Mirhoseini M, Shelgikar S, Cayton M M
Department of Cardiothoracic Surgery, St. Luke's Hospital, Milwaukee, WI.
Ann Thorac Surg. 1988 Apr;45(4):415-20. doi: 10.1016/s0003-4975(98)90015-7.
The concept of direct revascularization of ischemic myocardium by transmural left ventricular conduits has been investigated by several researchers. Early success was followed by closure of the pathways by fibrosis and scarring caused by mechanical trauma. The CO2 laser was examined as an alternative method of creating channels. Early experiments supported the hypothesis that laser channels would perfuse ischemic areas and would remain patent. Histological examination showed patent, endothelialized channels more than 2 years following operation in the experimental model. A clinical protocol was designed to assess the results of laser revascularization in a series of 12 patients. Patients selected were candidates for bypass grafting, but because of the coronary artery pathology involved, it was thought bypass grafting alone would result in incomplete revascularization. None of the 12 patients have died. Follow-up ranges from 3 to 32 months. Postoperative thallium stress tests and left ventriculography indicate that channels have remained patent and that they perfuse the myocardium. Direct laser revascularization of the myocardium may offer a viable adjunct in the treatment of ischemic heart disease.

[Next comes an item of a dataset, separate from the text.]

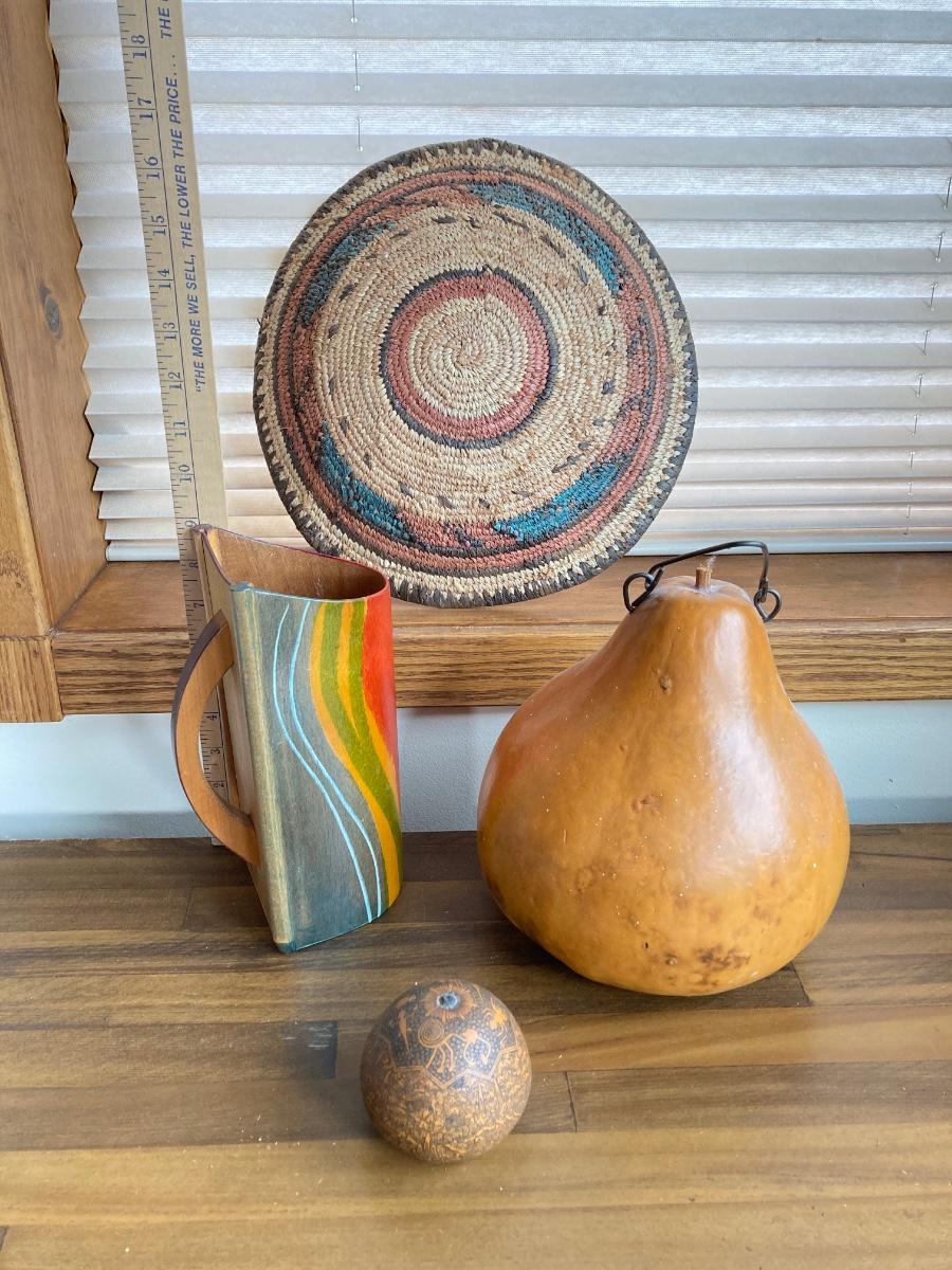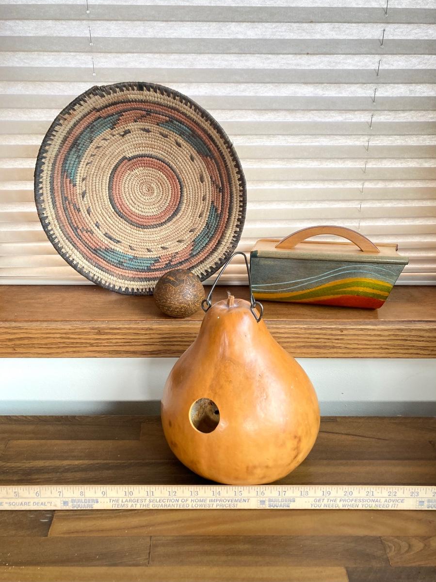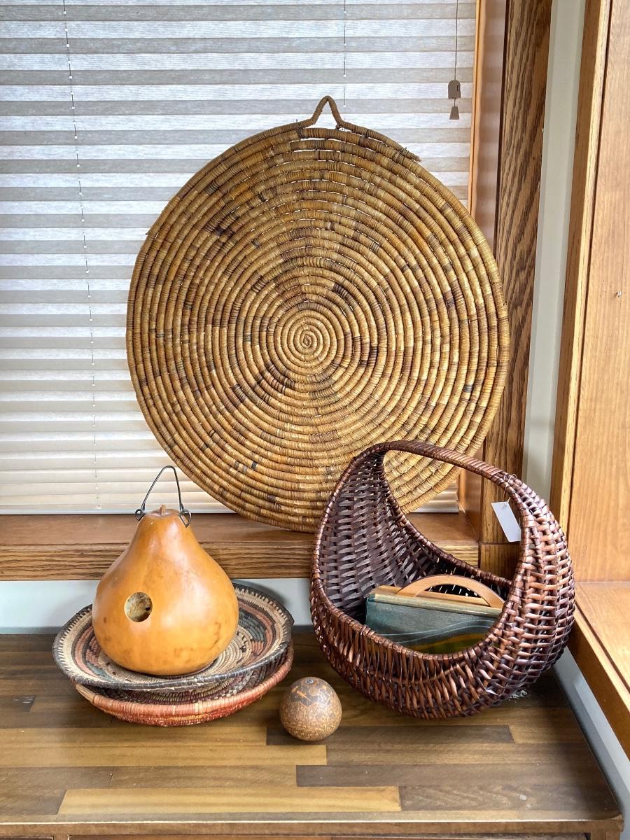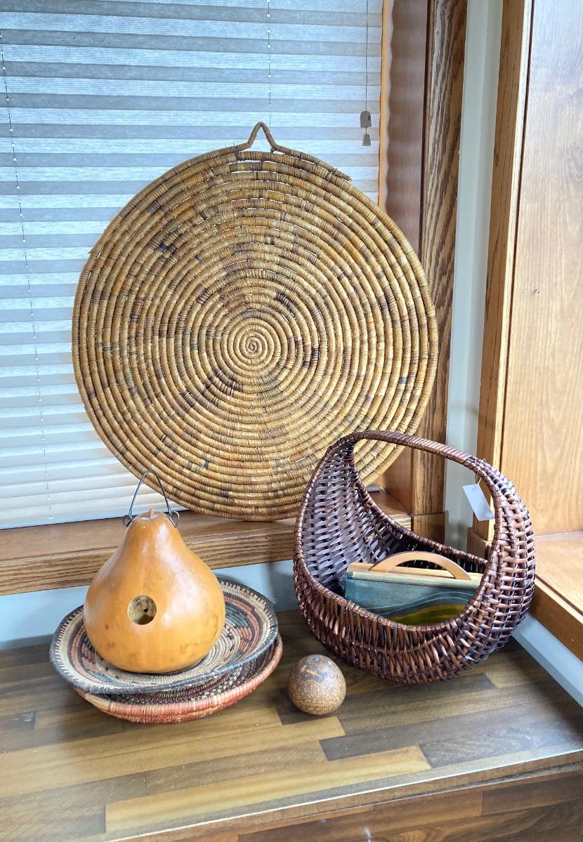 LOT 135X: Collection of Decorative Gourds, Boho Flat Baskets, Wall Art and Kakadu Hand Painted Wooden Scoop

几位研究人员对经壁左心室导管实现缺血心肌直接血运重建的概念进行了研究。早期虽取得成功,但随后这些通路因机械创伤导致的纤维化和瘢痕形成而闭塞。二氧化碳激光被作为创建通道的一种替代方法进行研究。早期实验支持了这样的假说,即激光通道会灌注缺血区域并保持通畅。组织学检查显示,在实验模型中,术后两年多通道依然通畅且有内皮化。设计了一项临床方案来评估12例患者接受激光血运重建的结果。入选患者均为旁路移植术的候选对象,但由于涉及冠状动脉病变,认为仅行旁路移植术会导致血运重建不完全。12例患者均未死亡。随访时间为3至32个月。术后铊负荷试验和左心室造影表明通道依然通畅且能灌注心肌。心肌直接激光血运重建可能为缺血性心脏病的治疗提供一种可行的辅助手段。